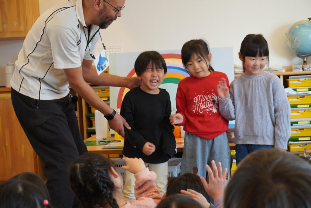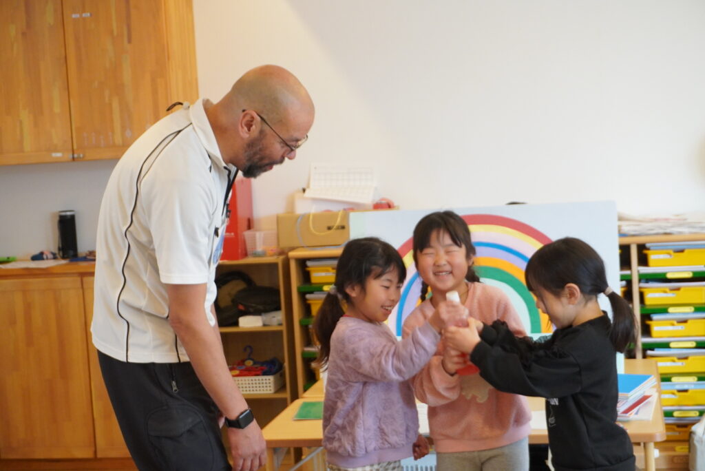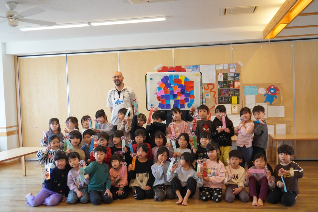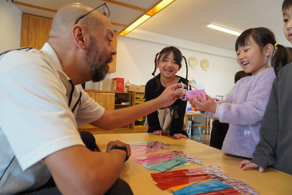 自分の欲しい色を選び、「〇〇プリーズ」貰えたら、「サンキュー」とお礼を言ったりと色んな遊びを体験しながら、子ども達にとって最高の時間となりました。
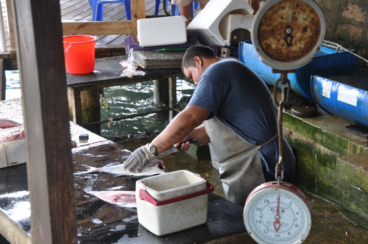 ABC Tours last stop -- Local bar : Preparing fresh fish
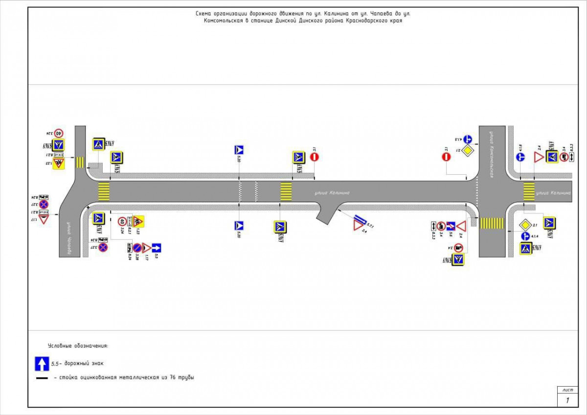 по ул. Калинина — на участке от ул. Чапаева до ул. Комсомольской (ст-ца Динская, Динской район, Краснодарский край).
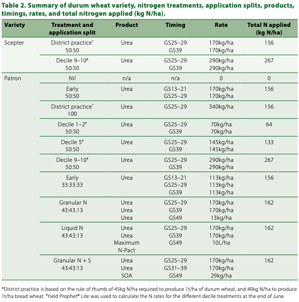 In the durum NVT trial 220kg/ha of urea was applied as a split application (100kg/ha on 28 July (GS14), 60kg/ha on 31 July (GS21) and 60kg/ha on 14 August (GS31)).

** Exercise requirements **
Return every line above word for word, minus images.

** Reply to the exercise **
 自分の欲しい色を選び、「〇〇プリーズ」貰えたら、「サンキュー」とお礼を言ったりと色んな遊びを体験しながら、子ども達にとって最高の時間となりました。
 ABC Tours last stop -- Local bar : Preparing fresh fish
 по ул. Калинина — на участке от ул. Чапаева до ул. Комсомольской (ст-ца Динская, Динской район, Краснодарский край).
 In the durum NVT trial 220kg/ha of urea was applied as a split application (100kg/ha on 28 July (GS14), 60kg/ha on 31 July (GS21) and 60kg/ha on 14 August (GS31)).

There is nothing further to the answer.